─── Given records
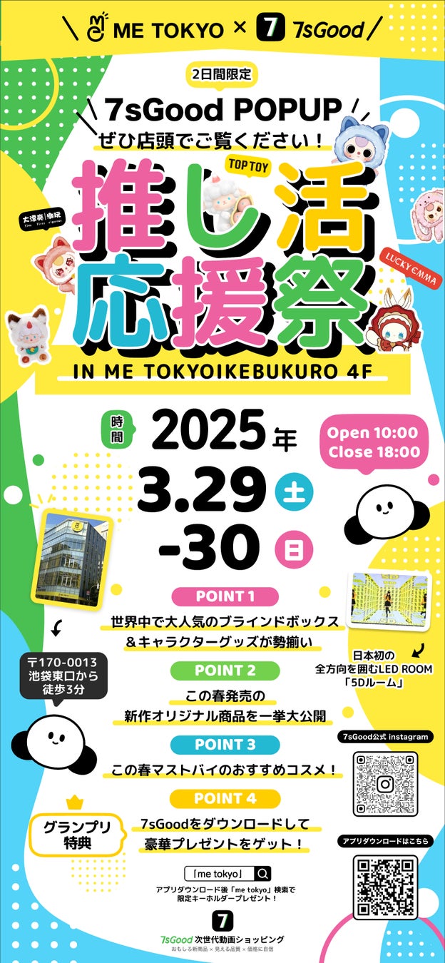 HHOグループが運営する越境ECプラットフォーム「7sGood(セブンズグッド)」は、TOPTOY、breo、INTO Uなどの国際ブランドと協力し、2025年3月29日(土)〜30日(日)の2日間、東京・池袋にある商業施設「ME TOKYO IKEBUKURO」にて「推し活応援祭」を開催します。Z世代を中心とした“推し活”文化を盛り上げるため、会場ではオリジナルグッズ制作体験や最新美容ガジェット体験など、3つのテーマブースを展開。さらにオンラインでのライブ配信と連携し、視聴者がリアルタイムで商品を購入できるライブコマースも実施します。月間来場者数約30万人(※)を誇る池袋の新スポットで、若者の熱気を最大限に引き出すことを目指します。
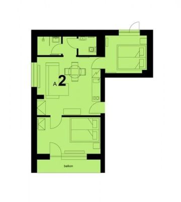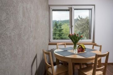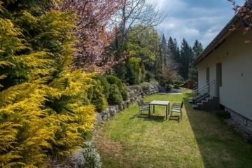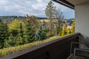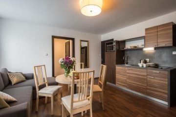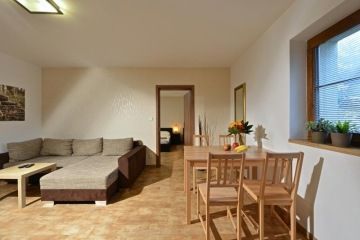 Plně vybyvený rodinný apartmán se dvěma oddělenými ložnicemi v prvním nadpodlaží bez možnosti výtahu s vlastním venkovním posezením a balkonem.
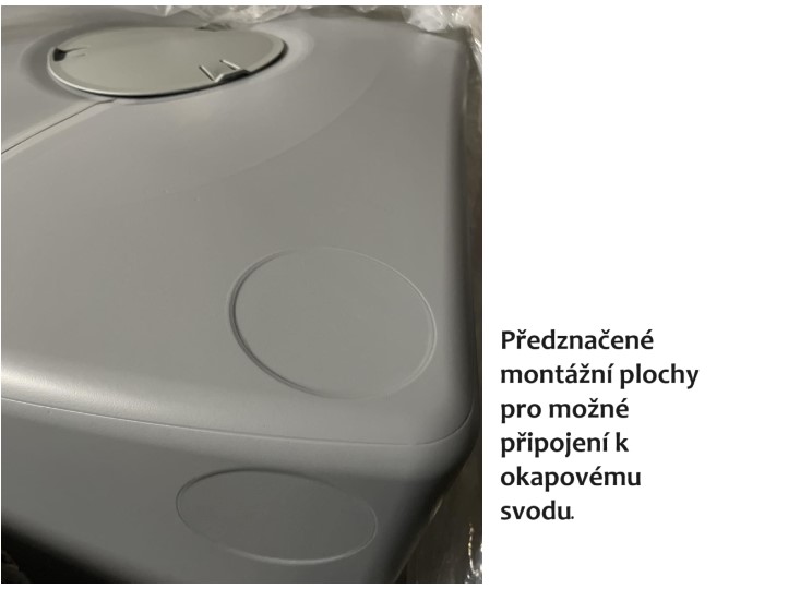 Moderní nádrž na dešťovou vodu Aqua Tower zaujme svým jednoduchým, klasickým designem a určitou sofistikovaností. Nádrž je vyrobena z kvalitního plastu, který je odolný vůči povětrnostním vlivům, nekoroduje a nevybledne. Nádrž má v horní části otvor o průměru 20 cm s víkem. V tomto otvoru můžete použít zahradní čerpadlo. Okap s nádrží lze jednoduše propojit předpřipravenými plochami pomocí spojovacího systému Waterform Icanset, který zakoupíte v našem e-shopu. V přední části je sud ve výšce 35 cm nad zemí osazen otvory s 3/4″ závitem pro napojení kohoutku ITAP(není součástí balení). Nádrž má také dva boční odtoky kousek od země pro napojení hadice na vodu, nebo pro úplné vypuštění nádrže. Konstrukčně je tento typ sudu tzv. foukán, aby byl na rovném povrchu dobře stabilní a tudíž není potřeba podstavce. Povrchová úprava připomíná hladký, šedý beton, kdy příčně odsazené linie jsou souvislé a vrstvené, což dává hlavní strukturu a umožňuje jí perfektně doplnit architekturu moderního domu.
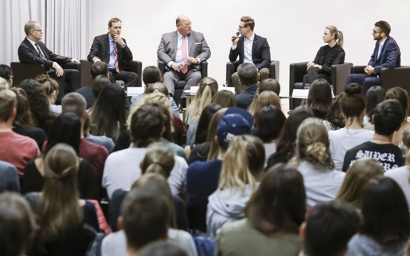 Nach seiner Ansprache stellte sich Botschafter McMullen einem Panel von Tourismusstudierenden und Mitgliedern der Fakultät. Es diskutierten die Studierenden Jennifer Keller, Jamie Rizzi und Aljoscha Keller sowie Dozent Michael Kauer und Studienleiter Dr. Merkle mit Botschafter McMullen.
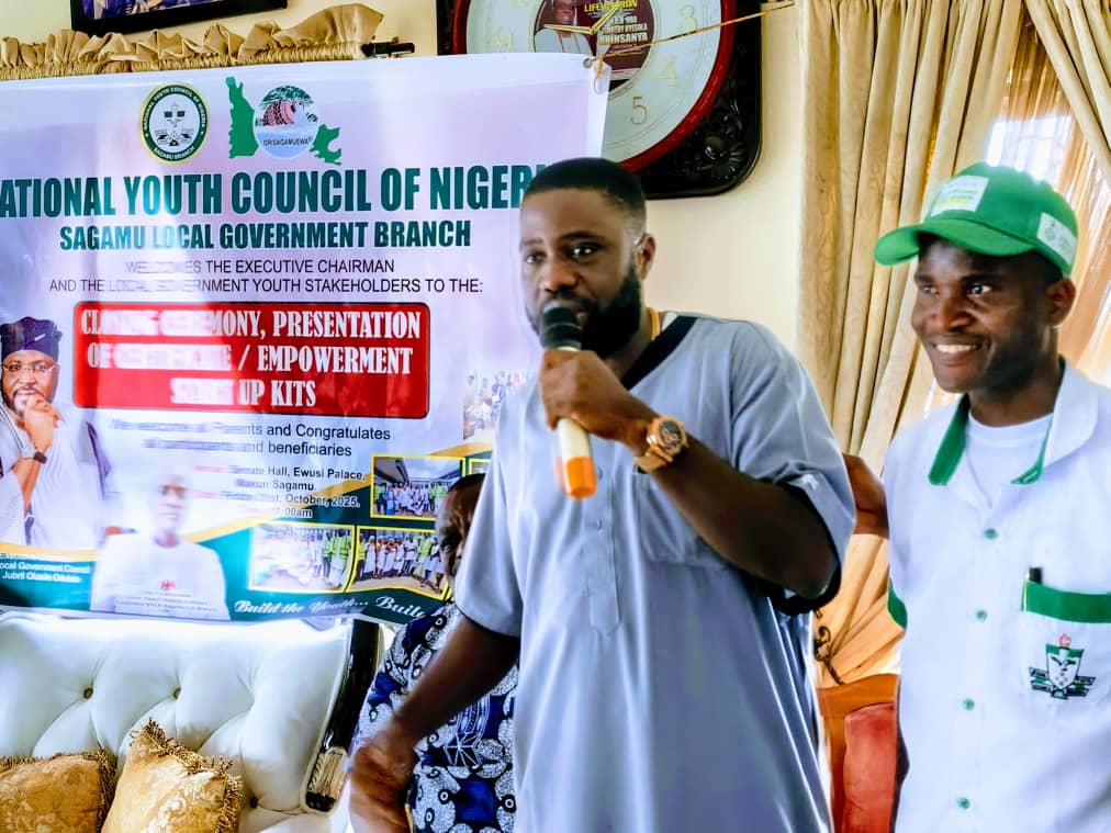 Omooba Idowu, a former Social Director of the Sagamu NYCN, attended the graduation ceremony of the program, which was held at the Ewusi Palace, Sagamu, Ogun State, on October 31st, 2025. In his address to the congregation, he commended the executive leadership of the Sagamu NYCN, led by Comrade Yusuf Adebayo, for their remarkable initiative and charged the beneficiaries to view the training as an opportunity to begin their own journey to stardom and self-independence.
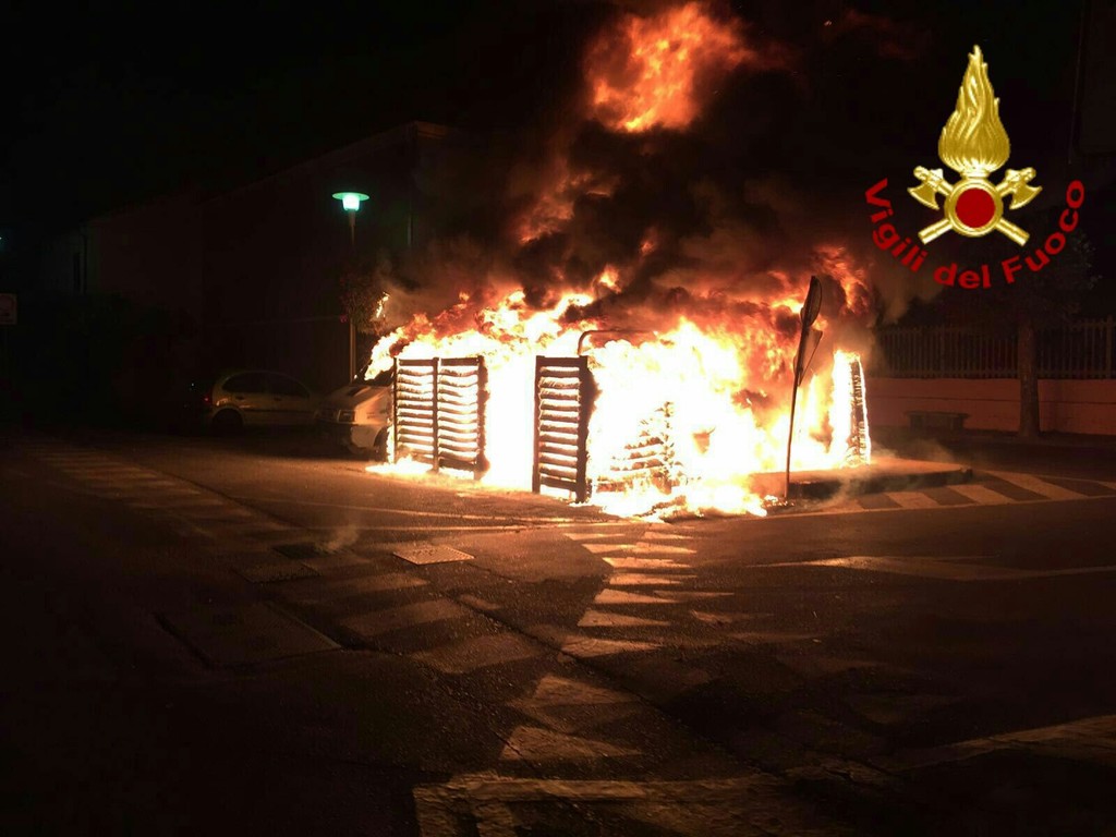 L'incendio divampato intornmo alle 2,45 è stato domato dai Vigili del Fuoco
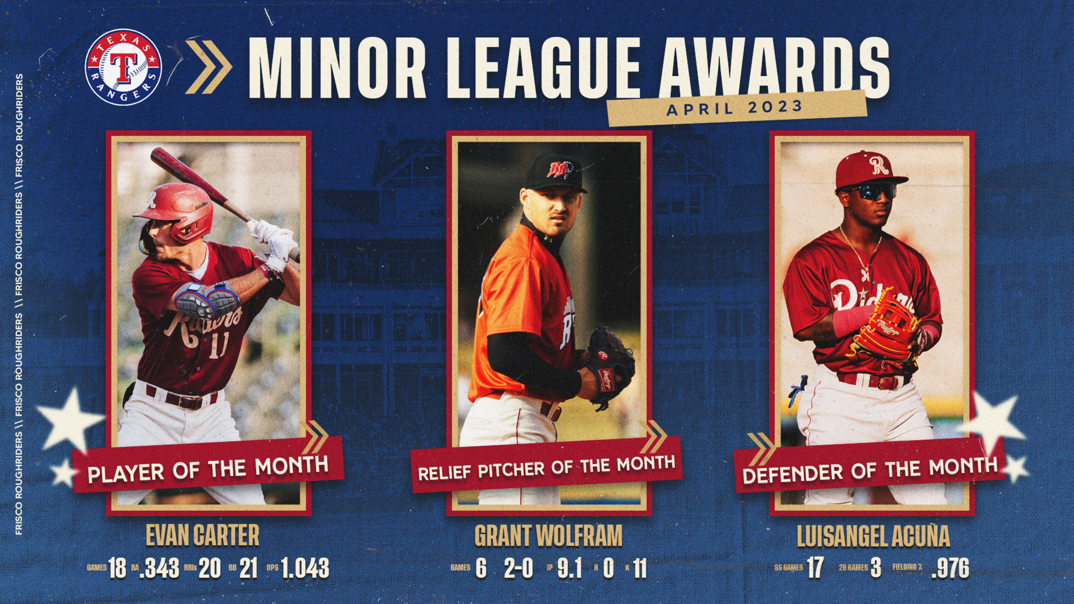 FRISCO, Texas (May 8, 2023) - The Texas Rangers announced on Monday that three RoughRiders players won April honors for the Rangers Minor League system. Evan Carter captured Player of the Month honors while Grant Wolfram was named the Relief Pitcher of the Month and Luisangel Acuña the Defender of the Month.
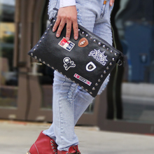 2015款包包休闲单肩包 韩版时尚斜挎包长款铆钉手包潮男手拿包大
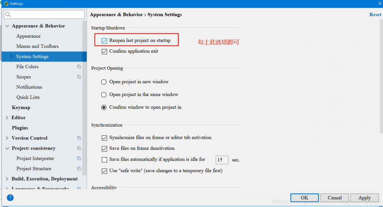 Pycharm如何选择自动打开或不打开最近项目file--settings--Appearance&Behavior--System Settings不想打开取消即可。版权声明:本文为liangkaiping0525原创文章,遵循CC 4.0 BY-SA版权协议,转载请附上原文出处链接和本声明。原文链接:https://blog.csdn.net/liangkaiping0525/article/details/81408372
──────
* Exercise:
What belongs in the answer is each line above from the line with "L'incendio divampato intornmo" to the line with "FRISCO, Texas (May", inclusive, reproduced exactly and free of pictures.

* Written reply:
 L'incendio divampato intornmo alle 2,45 è stato domato dai Vigili del Fuoco
 FRISCO, Texas (May 8, 2023) - The Texas Rangers announced on Monday that three RoughRiders players won April honors for the Rangers Minor League system. Evan Carter captured Player of the Month honors while Grant Wolfram was named the Relief Pitcher of the Month and Luisangel Acuña the Defender of the Month.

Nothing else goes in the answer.